Выбрать главу

Чьи-то грубые, бесцеремонные руки хватают его за голову, за ноги, дергают, тянут… Становится невыносимо больно, так больно, будто из него вынимают душу. Он делает попытку кричать, звать на помощь, но тщетно. На минуту боль отпускает его, и он слышит приглушенный разговор.

– Миша, иди сюда! Смотри!..

– Откуда?

– Да вот, у этого… в кармане… И карточка там же была… Вместе с адресом.

– Грузи его в машину. И второго раненого туда же. Что там у него? Нога?.. Ему перевязку сделали? Да мне пофиг, что кровотечение!.. Жгут наложите, что ли… Нам лишь бы до больницы его довезти, чтобы кровью по дороге не сошёл… А там сами разберутся, без нашей помощи. Смотри, молодой совсем, зелёный, жалко, если что… Чем раньше выедем, тем лучше – больше шансов, что живым останется. Бери его… Вот так, осторожно… Чуть выше… ещё… ещё… Ложите рядом. Остальных потом к Иванычу доставим, он знает, что с ними делать. Ты здесь с ребятами оставайся, а я с ними поеду…

Те же грубые руки вновь поднимают его, куда-то несут, потом не совсем деликатно бросают на твердый пол. Рядом с собой он чувствует человеческие тела. Холодные уже, мертвые. Все кончено. Становится совершенно безразлично, куда его везут и что с ним будет дальше, и он погружается в это безразличие, как в мутный омут…

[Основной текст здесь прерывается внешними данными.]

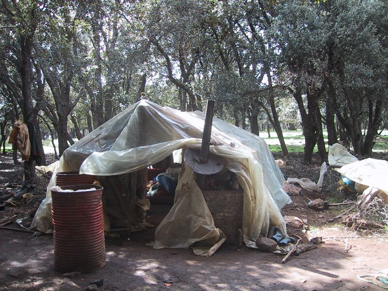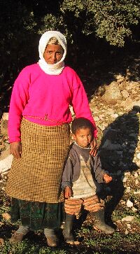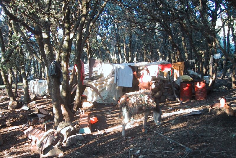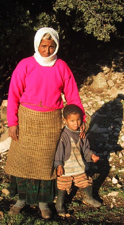 This is Zahra Aarab, whose family works as shepherds. Most of the year they are out with the herds of sheep in a low black tent. When it starts to rain, they move to a plastic tent sheltered in the trees. If you click here, you can see that tent in November, with the laundry out to dry and the local transportation parked in front. When it gets really cold, the family moves back to Ben Smim (this photo is about 4 miles away) with their animals and feed them at home instead of taking them out to graze. Zahra has four children ranging from 14 to 3; you see the smallest son here. She has two boys and two girls. The oldest is a son who helps herd sheep, and the next a daughter of 12 who helps with household chores - she had made dinner the day we visited. The only child in school is a daughter in second grade who stays with a family in a nearby town. When the family is herding, the lack of a nearby school means the children can't study. In fact, there is a campaign to encourage families to enroll girls in school, and in some places they are given flour and oil if they do so. It's possible that may have encouraged this family.
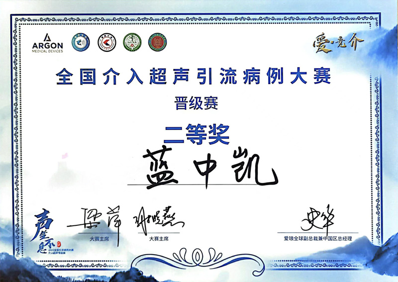 6月3日,從“‘聲生不息’2023年全國引流病例大賽介入超聲專題賽”會場傳來振奮人心的好消息,柳州市人民醫(yī)院超聲醫(yī)學(xué)科藍中凱醫(yī)師作為廣西僅有的兩名代表之一,在全國介入超聲引流病例大賽華南賽區(qū)晉級賽中榮獲二等獎!
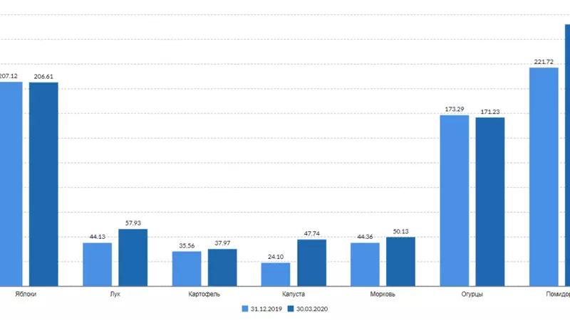 Что касается овощей и фруктов, по итогам первого квартала текущего года немного подешевели яблоки — на 51 копейку. Немного упала и стоимость огурцов: за килограмм теперь просят на 2 рубля и 6 копеек меньше, чем в последний день 2019 года. А вот помидоры подорожали на 43 рубля и 72 копейки. На 13 рублей и 80 копеек больше, чем три месяца назад, попросят за килограмм репчатого лука. Картофель вырос в цене на 2 рубля и 41 копейку, а капуста подорожала почти вдвое — на 23 рубля и 64 копейки. Цена за килограмм моркови увеличилась на 5 рублей и 77 копеек.

Сознание возвращается к нему вместе с пониманием, что рядом никого нет. Потом становится ясно, что лежит он уже не в кузове машины, а в помещении, к тому же – на кровати. В комнате остро пахнет лекарствами, хлором и прочей больницей. Запахи эти, как ни странно, не вызывают раздражения, наоборот, успокаивают, но вздохнуть свободнее все равно не получается – по-прежнему сильно болит голова.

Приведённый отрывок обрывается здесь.